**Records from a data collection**
====

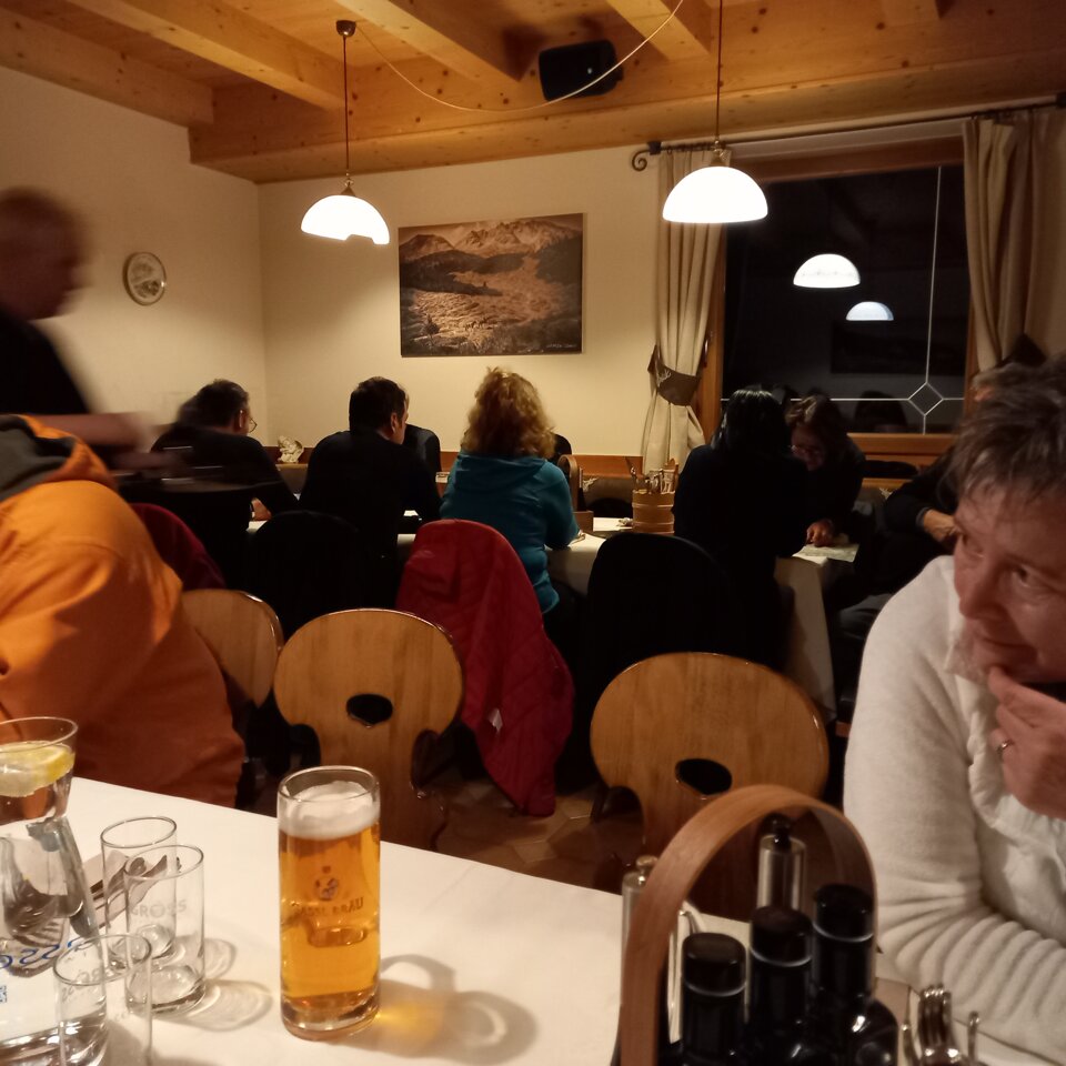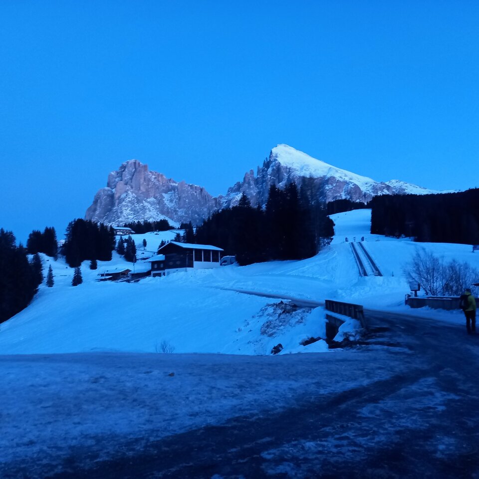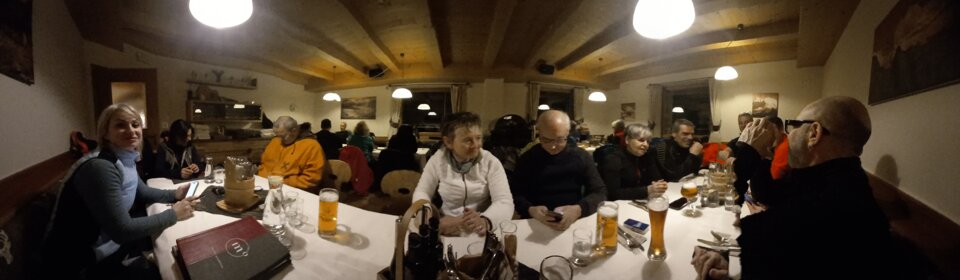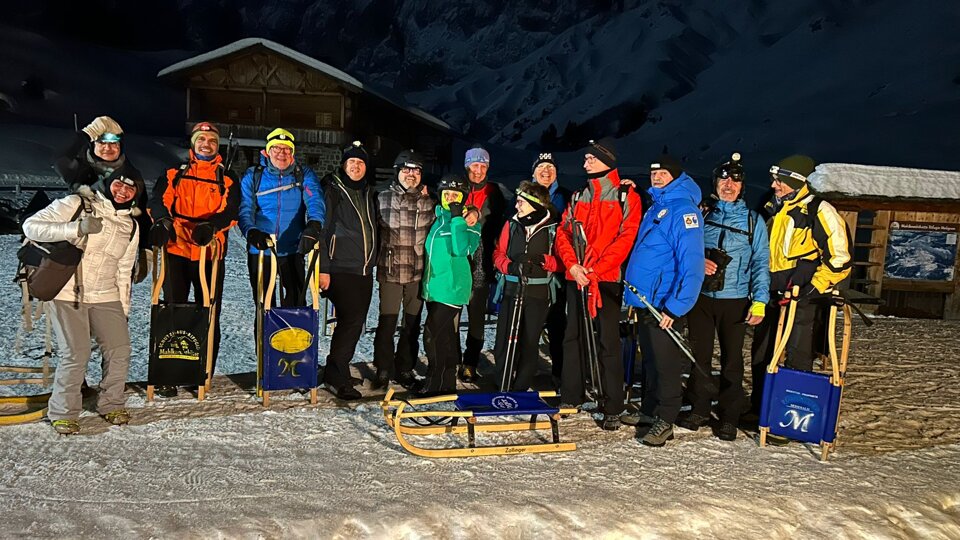 ......e si riparte......su due ruote non ancora ma con un bel gatto delle nevi, per chi lo ha scelto per salire al rifugio, o a piedi per i più "temerari" ma senza esagerare. Da Saltria si inizia a salire verso il Molignon con il sole che rischiara ancora il Sasso Lungo ed il Sasso Piatto e che fanno da cornice assieme al Seceda ed altre cime nei dintorni. Più si sale e più il giorno lascia spazio all'oscurità che però viene rischiarita con l'ausilio delle torce. Un'oretta di camminata e poi il rifugio è lì ad attenderci; si arriva in ordine sparso o sperso dato che alcuni al bivio hanno girato a sinistra anziché a destra......forse tanta voglia di allungare il giro per arrivare a destinazione belli affamati!!!! Chi poi è salito col gatto ne ha approfittato per iniziare con birretta e affettati misti, giusto per stuzzicarsi l'appetito. Arrivati anche gli ultimi (anche loro col gatto?? ma come, non erano a piedi??) come da orario ci si mette tutti a tavola nella saletta appositamente riservata per il nostro gruppo per dare inizio alle "danze" di forchette e coltelli. Ottima anche la cucina sia nel salato sia nei dolci che hanno concluso il recupero dell energie perse nella salita. Ora la parte più bella, la discesa in slitta!!!! Stirnlampe accese e ben indossate e poi viaaaaaaaa!!!!! La strada fatta in salita ora è più piacevole anche perché la luna piena si fa notare in cielo ed illumina l'ambiente intorno, la neve fa da amplificatore. Arrivati al Tirlerhof si lasciano le slitte e si fa ritorno alle auto. Saluti di rito, con conta delle persone per evitare dispersi, e poi tutti a casa pronti per la prossima avventura......anzi, luna piena!!!!
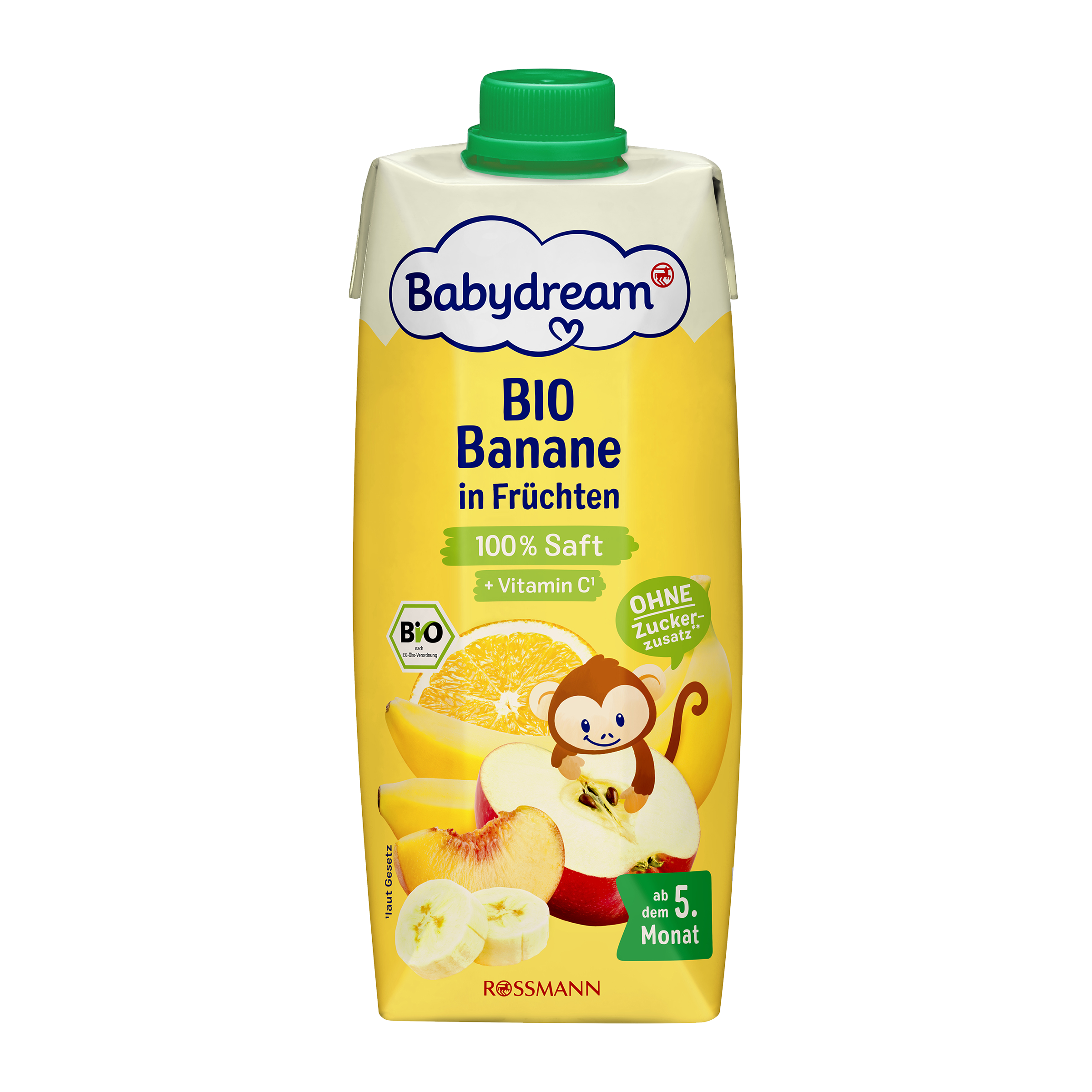 BIO ovocná šťáva z několika druhů ovoce, s vitaminem C – pro kojence a malé děti od začátku 5. měsíce věku. Pasterováno.
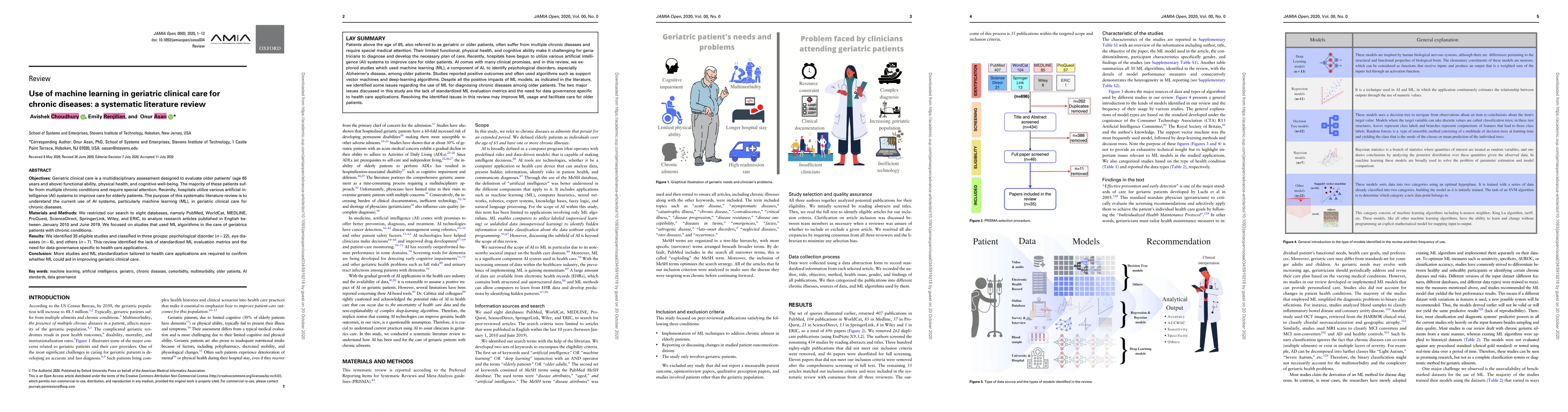 Objectives-Geriatric clinical care is a multidisciplinary assessment designed to evaluate older patients (age 65 years and above) functional ability, physical health, and cognitive wellbeing. The majority of these patients suffer from multiple chronic conditions and require special attention. Recently, hospitals utilize various artificial intelligence (AI) systems to improve care for elderly patients. The purpose of this systematic literature review is to understand the current use of AI systems, particularly machine learning (ML), in geriatric clinical care for chronic diseases. Materials and Methods-We restricted our search to eight databases, namely PubMed, WorldCat, MEDLINE, ProQuest, ScienceDirect, SpringerLink, Wiley, and ERIC, to analyze research articles published in English between January 2010 and June 2019. We focused on studies that used ML algorithms in the care of geriatrics patients with chronic conditions. Results-We identified 35 eligible studies and classified in three groups-psychological disorder (n=22), eye diseases (n=6), and others (n=7). This review identified the lack of standardized ML evaluation metrics and the need for data governance specific to health care applications. Conclusion- More studies and ML standardization tailored to health care applications are required to confirm whether ML could aid in improving geriatric clinical care.
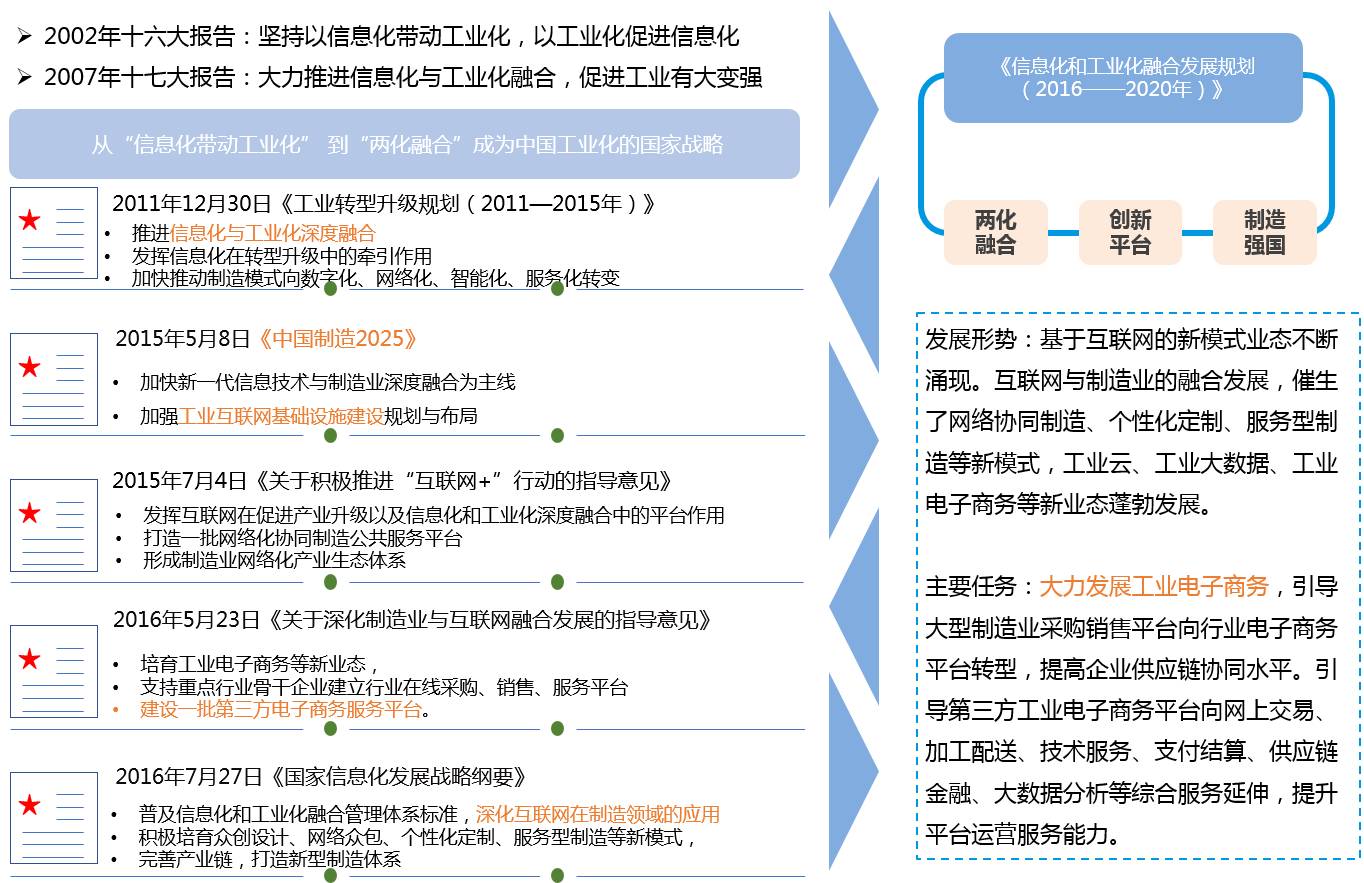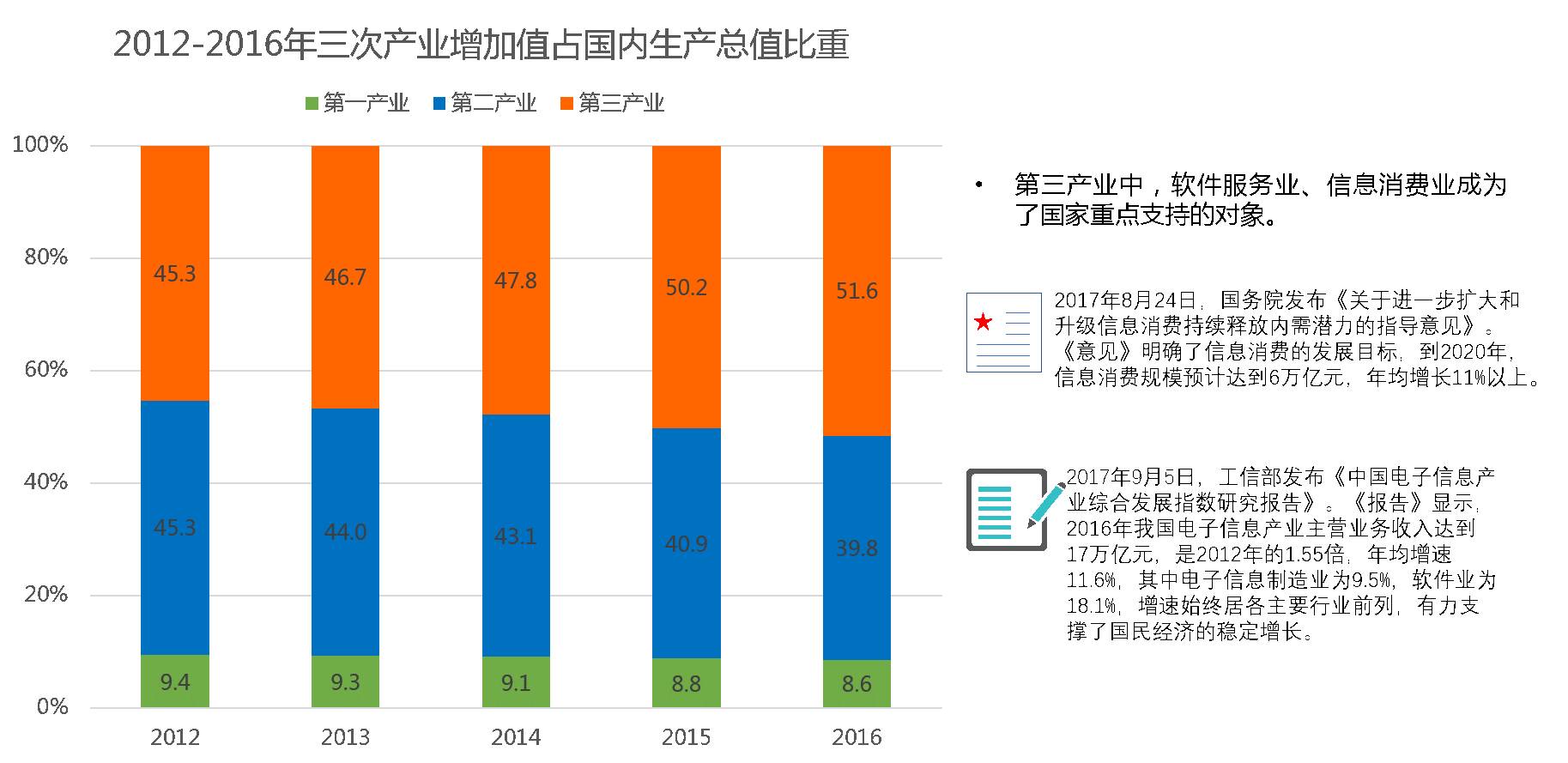 从图上可以看到,在三次产业中,服务业占GDP比重上升到第一,并且在第三产业中,软件服务业、信息服务业成为了国家重点支持对象。这一点在近期国务院印发的文件《关于进一步扩大和升级信息消费持续释放内需潜力的指导意见》和工信部发布的《中国电子信息产业综合发展指数研究报告》都有重要的体现。另外从产业政策上来讲,国家自2002年提出信息化与工业化的关系再到两化融合再到今天大力发展工业电子商务可谓是指出了传统工业转型升级的必由路径。
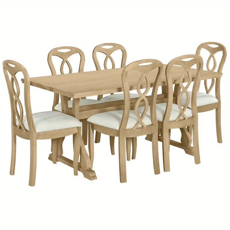 Un diseño bien elaborado: El juego de comedor presenta una sólida estructura de madera con una mesa central de caballete, diseñada para ofrecer un soporte duradero. Las patas curvadas y los soportes extendidos debajo de la mesa garantizan resistencia, mientras que las sillas acolchadas elevan tanto la comodidad como la elegancia.
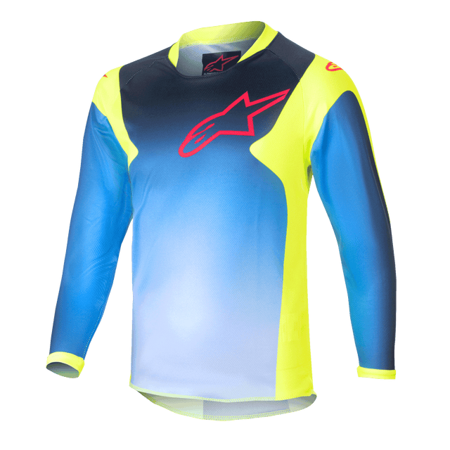 Het Kids Racer Jersey is verkrijgbaar in twee onderscheidende en agressieve kleurcombinaties voor de Kids Racer Hoen en Kids Racer Found stijlen, ontworpen om te passen bij de Kids Racer Pants voor een totale prestatie-look en -gevoel.
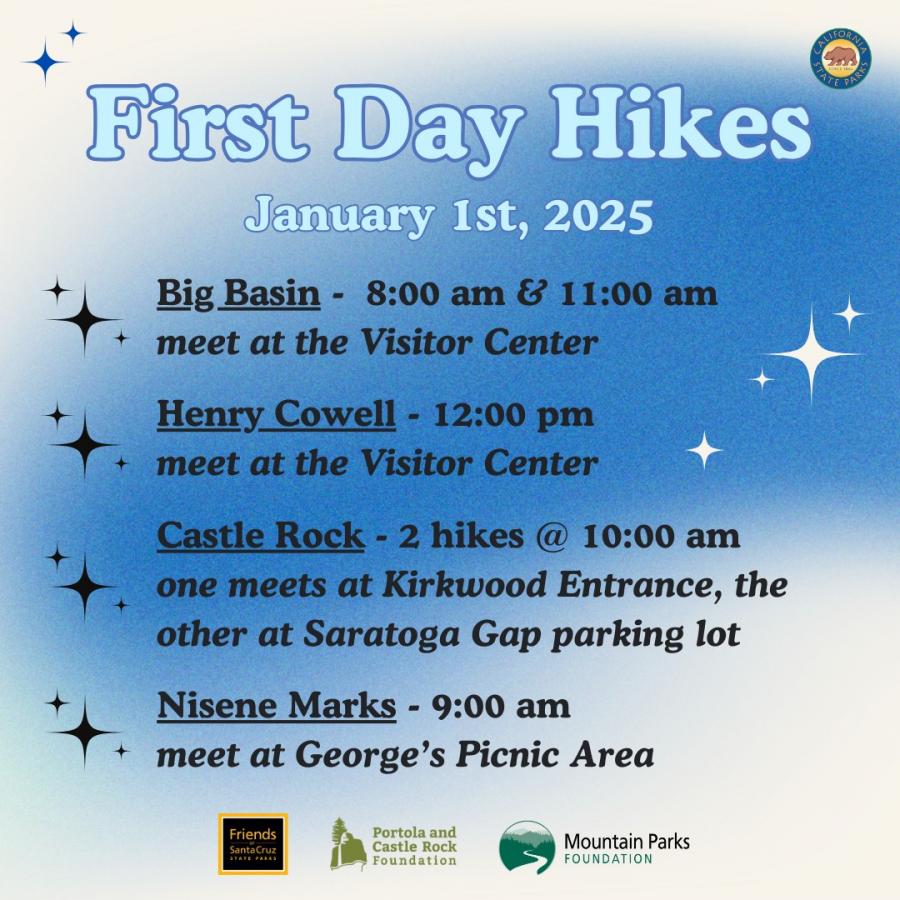 California State Parks wants you to kick off 2025 in a healthy way and enjoy the fresh air with the annual First Day Hikes. There are many hikes taking place in Santa Cruz County state parks, including Big Basin Redwoods, Henry Cowell Redwoods, Castle Rock, Nisene Markes, and Wilder Ranch.

====

Please retype the records above exactly, but leave out any pictures.

**Response below**
 ......e si riparte......su due ruote non ancora ma con un bel gatto delle nevi, per chi lo ha scelto per salire al rifugio, o a piedi per i più "temerari" ma senza esagerare. Da Saltria si inizia a salire verso il Molignon con il sole che rischiara ancora il Sasso Lungo ed il Sasso Piatto e che fanno da cornice assieme al Seceda ed altre cime nei dintorni. Più si sale e più il giorno lascia spazio all'oscurità che però viene rischiarita con l'ausilio delle torce. Un'oretta di camminata e poi il rifugio è lì ad attenderci; si arriva in ordine sparso o sperso dato che alcuni al bivio hanno girato a sinistra anziché a destra......forse tanta voglia di allungare il giro per arrivare a destinazione belli affamati!!!! Chi poi è salito col gatto ne ha approfittato per iniziare con birretta e affettati misti, giusto per stuzzicarsi l'appetito. Arrivati anche gli ultimi (anche loro col gatto?? ma come, non erano a piedi??) come da orario ci si mette tutti a tavola nella saletta appositamente riservata per il nostro gruppo per dare inizio alle "danze" di forchette e coltelli. Ottima anche la cucina sia nel salato sia nei dolci che hanno concluso il recupero dell energie perse nella salita. Ora la parte più bella, la discesa in slitta!!!! Stirnlampe accese e ben indossate e poi viaaaaaaaa!!!!! La strada fatta in salita ora è più piacevole anche perché la luna piena si fa notare in cielo ed illumina l'ambiente intorno, la neve fa da amplificatore. Arrivati al Tirlerhof si lasciano le slitte e si fa ritorno alle auto. Saluti di rito, con conta delle persone per evitare dispersi, e poi tutti a casa pronti per la prossima avventura......anzi, luna piena!!!!
 BIO ovocná šťáva z několika druhů ovoce, s vitaminem C – pro kojence a malé děti od začátku 5. měsíce věku. Pasterováno.
 Objectives-Geriatric clinical care is a multidisciplinary assessment designed to evaluate older patients (age 65 years and above) functional ability, physical health, and cognitive wellbeing. The majority of these patients suffer from multiple chronic conditions and require special attention. Recently, hospitals utilize various artificial intelligence (AI) systems to improve care for elderly patients. The purpose of this systematic literature review is to understand the current use of AI systems, particularly machine learning (ML), in geriatric clinical care for chronic diseases. Materials and Methods-We restricted our search to eight databases, namely PubMed, WorldCat, MEDLINE, ProQuest, ScienceDirect, SpringerLink, Wiley, and ERIC, to analyze research articles published in English between January 2010 and June 2019. We focused on studies that used ML algorithms in the care of geriatrics patients with chronic conditions. Results-We identified 35 eligible studies and classified in three groups-psychological disorder (n=22), eye diseases (n=6), and others (n=7). This review identified the lack of standardized ML evaluation metrics and the need for data governance specific to health care applications. Conclusion- More studies and ML standardization tailored to health care applications are required to confirm whether ML could aid in improving geriatric clinical care.
 从图上可以看到,在三次产业中,服务业占GDP比重上升到第一,并且在第三产业中,软件服务业、信息服务业成为了国家重点支持对象。这一点在近期国务院印发的文件《关于进一步扩大和升级信息消费持续释放内需潜力的指导意见》和工信部发布的《中国电子信息产业综合发展指数研究报告》都有重要的体现。另外从产业政策上来讲,国家自2002年提出信息化与工业化的关系再到两化融合再到今天大力发展工业电子商务可谓是指出了传统工业转型升级的必由路径。
 Un diseño bien elaborado: El juego de comedor presenta una sólida estructura de madera con una mesa central de caballete, diseñada para ofrecer un soporte duradero. Las patas curvadas y los soportes extendidos debajo de la mesa garantizan resistencia, mientras que las sillas acolchadas elevan tanto la comodidad como la elegancia.
 Het Kids Racer Jersey is verkrijgbaar in twee onderscheidende en agressieve kleurcombinaties voor de Kids Racer Hoen en Kids Racer Found stijlen, ontworpen om te passen bij de Kids Racer Pants voor een totale prestatie-look en -gevoel.
 California State Parks wants you to kick off 2025 in a healthy way and enjoy the fresh air with the annual First Day Hikes. There are many hikes taking place in Santa Cruz County state parks, including Big Basin Redwoods, Henry Cowell Redwoods, Castle Rock, Nisene Markes, and Wilder Ranch.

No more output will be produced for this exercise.